For developers of new "cloud-native" applications, "this is a write once and run anywhere" opportunity, said Zend CEO Andi Gutmans.

Given Zend is the ringleader and main contributor of the Simple API technology -- it is putting a software development kit targeting its Zend Framework under the New BSD license -- it's not surprising PHP developers are the initial target. But Zend officials claim that the Simple Cloud API "can be translated to any object-oriented language for the Web."

Microsoft is contributing some adapters for the API, plus its PHP client libraries for Windows Azure storage, to future versions of Zend Framework. (Microsoft officials are saying by the end of the quarter.)
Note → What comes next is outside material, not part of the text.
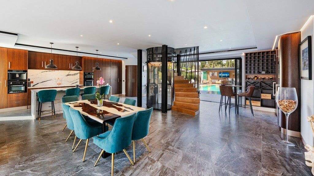 Diese Villa bietet eine gro?z?gige Wohnfl?che von rund 408 m?, darunter vier Schlafzimmer und f?nf Badezimmer sowie einen Glasaufzug, der einen einfachen Zugang zu jeder Ebene erm?glicht.

Prior to today's announcement, Microsoft already was working on a PHP SDK (in conjunction with RealDolmen) that would support its Azure cloud environment. Going forward, Microsoft will be supporting two PHP SDKs/APIs, both of which will be available as part of the Zend Framework, Microsoft officials said.
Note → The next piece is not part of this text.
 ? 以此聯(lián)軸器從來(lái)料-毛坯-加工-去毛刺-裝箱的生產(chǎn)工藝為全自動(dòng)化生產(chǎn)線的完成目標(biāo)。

"The existing API exposes all the functionality of Windows Azure storage services. The simple API exposes the subset of the functionality that is available on all of the supported platforms," explained Vijay Rajagopalan, Principal Architect for Microsoft's Interoperability team.

"Some projects do not require the richness provided by vendor-specific APIs and can instead be built with simple APIs that provide an abstraction layer across different platforms. From a developer's perspective, simple APIs make it easier to write code that remains the same whatever the destination platform," Rajagopalan added. "As the developers become proficient and learn each platform, they will be further inclined to learn vendor-specific features to take advantage of richer functionality."

Roger Jennings, a cloud-computing and .Net expert, noted that according to the TIOBE Programming Community Index for September 2009, PHP is now No. 3 in programming language popularity, so the new Zend effort has "has a large potential audience among developers for Amazon, Nirvanix, and Rackspace storage. However, he predicted that "Windows Azure developers will continue to program in C# and probably use the StorageClient libraries to integrate Web and Worker projects with RESTful Azure storage services."

"Google is conspicuous by its absence as a Zend contributor. However, that's not surprising because Google offers 'Python as a Service' and doesn't emphasize cloud storage in its marketing materials," Jennings added.